Local LLM runtime with permission-based function calling. Runs on your hardware. Logs all actions.

```
┌─────────────────────────────────────────────────────────┐
│  USER QUERY                                             │
│     │                                                   │
│     ▼                                                   │
│  PERMISSION LAYER  ──── constitution.json               │
│     │                        │                          │
│     │              (block / allow / modify)             │
│     │                                                   │
│     ▼                                                   │
│  INFERENCE ENGINE  ──── localhost:5000 (air-gapped)     │
│  Llama-3-8B-Instruct                                    │
│     │                                                   │
│     ▼                                                   │
│  AUDIT LOG  ──── immutable, SHA-256 verified            │
└─────────────────────────────────────────────────────────┘
```

---

## `> PERFORMANCE`

**Hardware:** `NVIDIA GeForce RTX 5050 Laptop GPU (8GB VRAM)`  
**Model:** `Llama-3-8B-Instruct · Q4_K_M Quantization`  
**Context:** `2048 tokens (n_ctx_per_seq)`

<div align="center">

![Raw Inference Benchmark](assets/raw-inferance_benchmark.png)

</div>

| Task | Output Tokens | Speed |
|:-----|:---:|:---:|
| Short Response | 50 | **58.76 t/s** |
| Medium Response | 150 | **59.77 t/s** |
| Long Response | 512 | **57.71 t/s** |

### Sovereign VRAM Handoff Benchmarks

Testing the latency of dynamic resource reallocation between background research processes and active LLM inference via WebSocket signaling.

<div align="center">

![VRAM Handoff Benchmark](assets/VRAM-handoff_benchmark.png)

</div>

* **WebSocket Handoff Latency:** `21.10 ms`
* **Sustained Inference Post-Handoff:** `57.04 t/s`

<div align="center">

![Research Benchmark](assets/Research_benchmark.png)

</div>

**Technical note:** The 21.10ms WebSocket handoff latency and 13.08ms VRAM purge demonstrate efficient state transitions on the Blackwell (sm_120) architecture.
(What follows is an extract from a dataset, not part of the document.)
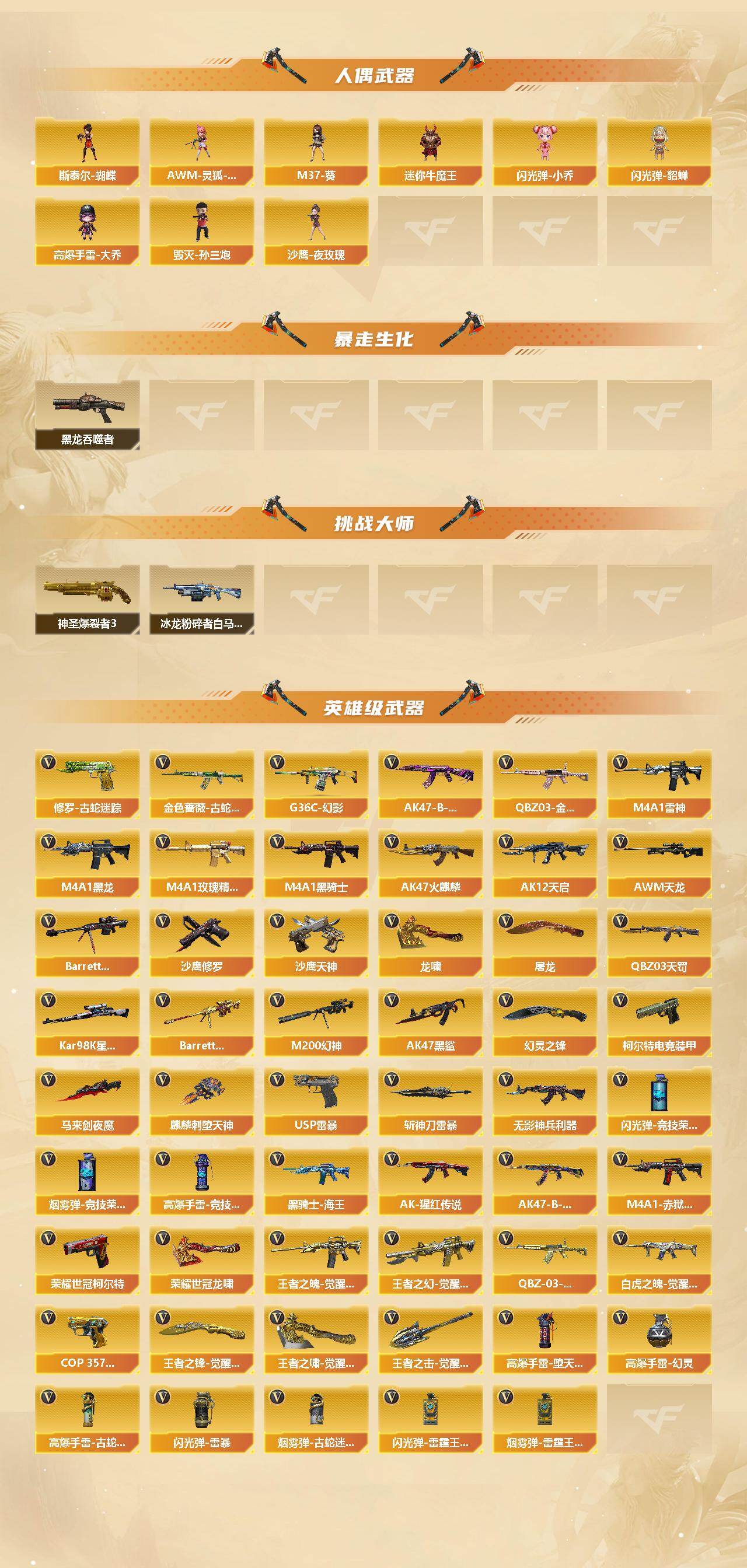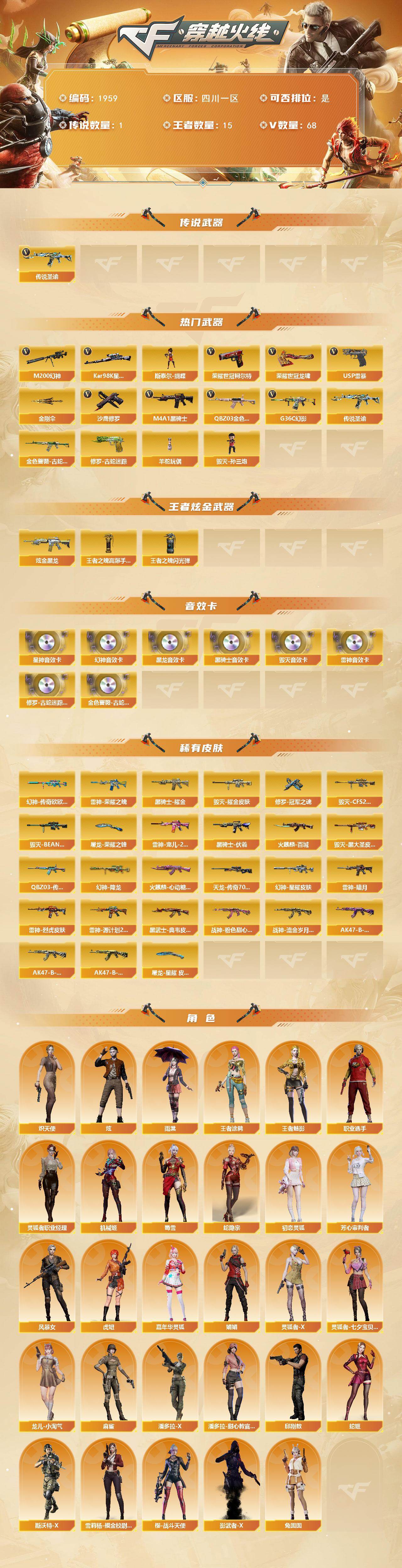 四川一区-68v-15王者武器数-1炫金武器数 【传说武器】:传说圣谕 【热门武器】:传说圣谕,g36c-幻影,q03-金色蔷薇,m200-幻神,金色蔷薇-古蛇迷踪,修罗-古蛇迷踪,荣耀世冠-柯尔特,kar98k-星神,m4a1-黑骑士,斯泰尔-蝴蝶,羊驼玩偶,毁灭-孙三炮,usp-雷暴,沙鹰-修罗,荣耀世冠-龙啸,金刚伞 【王者炫金武器】:炫金黑龙,王者之魄高爆手蕾,王者之魄闪光丹 【音

CPU threads are strictly isolated (0 threads allocated to background tasks) to ensure zero drop in generation speed during active inference.

---

## `> ARCHITECTURE`

<br>

### `[1] — Inference Engine`

Core LLM runtime. `llama-cpp-python` with `cuBLAS` acceleration.

```
Model:     Llama-3-8B-Instruct (GGUF · Q4_K_M)
Backend:   llama-cpp-python + cuBLAS
Endpoint:  localhost:5000 (no external routing)
Context:   Sliding Window (VRAM-aware)
Precision: 4-bit quantization
```

<br>

### `[2] — Sensory Subsystems`

Local audio. No cloud APIs.

**Auditory System** — `OpenAI Whisper`
```
Voice-to-text transcription.
Hands-free command input.
No external audio transmission.
```

<br>

### `[3] — Permission Layer`

Function-call interceptor. Blocks execution before action runs.

```python
# constitution.json
{
  "allow_file_read":    true,
  "allow_web_fetch":    true,
  "allow_code_execute": false,
  "blocked_domains":    ["example.com"],
  "approved_domains":   ["arxiv.org", "pubmed.ncbi.nlm.nih.gov"]
}
```

Delete `constitution.json` to remove restrictions.

<br>

### `[4] — Audit Log`

Append-only log. All queries, actions, permission decisions.

```
[2026-02-08 14:32:01] QUERY     "analyze my bloodwork results"
[2026-02-08 14:32:01] PERMISSION read(bloodwork.pdf) → ALLOWED
[2026-02-08 14:32:01] ACTION    file_read(bloodwork.pdf) → OK
[2026-02-08 14:32:03] RESPONSE  delivered (312 tokens, 5.52s)
[2026-02-08 14:32:03] HASH      sha256: a3f9c2...
```

SHA-256 hashing at shutdown for integrity verification.

<br>

### `[5] — Sovereign VRAM State Machine (Medical Research)`

Dynamic hardware orchestration via local WebSockets (Port 7396). The kernel hot-swaps GPU VRAM between active inference and background medical research (Folding@home) without OS-level process fighting or manual intervention.

**State: IDLE (15s threshold)**
  └─ Socket Signal: `{"cmd": "state", "state": "fold"}`
  └─ GPU VRAM fully allocated to Folding@home.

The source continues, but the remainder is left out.